Input data
# # # # # # #

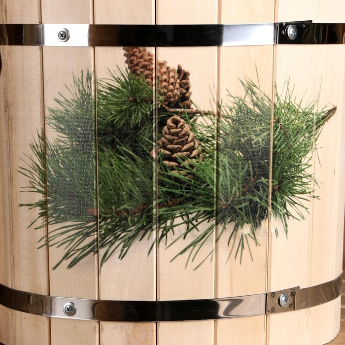 Запарник-ведро из липы, 13 л, пластиковая вставка, нержавеющий обод, "Еловая ветка"
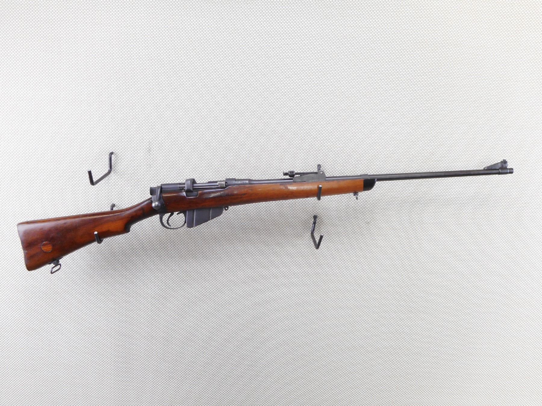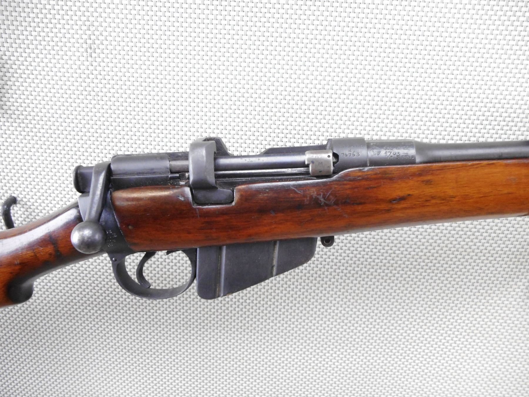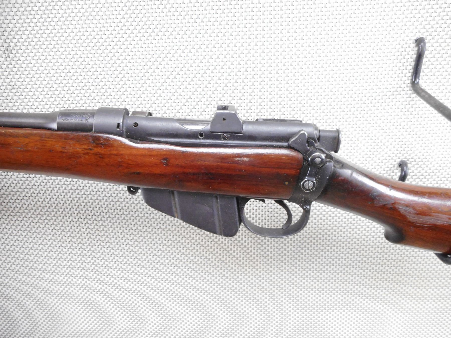 LEE ENFIELD , MODEL: NO1 MKIII* SPORTER , CALIBER: 303 BR , COMES WITH MAGAZINE. DATED 1942. BOLT AND RECEIVER ARE MATCHING BY SERIAL #. BORE IS VERY GOOD. RAMP FRONT AND ADJUSTABLE REAR SIGHT. SLING SWIVEL LOOPS. BRASS BUTT PLATE. SHOWS SOME HANDLING MARKS. ACTION: BOLT ACTION RIFLE , BARREL LENGTH: 25" , SERIAL # M74753 , CONDITION: 6/10 , CLASS: CANADIAN NON RESTRICTED CLASS
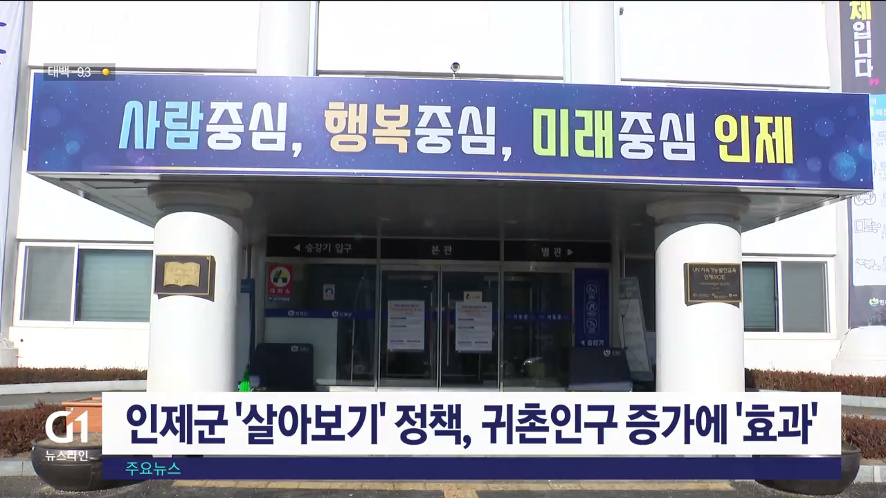 인제군 '살아보기'정책, 귀촌인구 증가로 이어져

# # # # # # #

Task brief
Copy word for word each line of the data above, from the first through the one containing "LEE ENFIELD , MODEL: NO1", and include no pictures.

Exercise solution
 Запарник-ведро из липы, 13 л, пластиковая вставка, нержавеющий обод, "Еловая ветка"
 LEE ENFIELD , MODEL: NO1 MKIII* SPORTER , CALIBER: 303 BR , COMES WITH MAGAZINE. DATED 1942. BOLT AND RECEIVER ARE MATCHING BY SERIAL #. BORE IS VERY GOOD. RAMP FRONT AND ADJUSTABLE REAR SIGHT. SLING SWIVEL LOOPS. BRASS BUTT PLATE. SHOWS SOME HANDLING MARKS. ACTION: BOLT ACTION RIFLE , BARREL LENGTH: 25" , SERIAL # M74753 , CONDITION: 6/10 , CLASS: CANADIAN NON RESTRICTED CLASS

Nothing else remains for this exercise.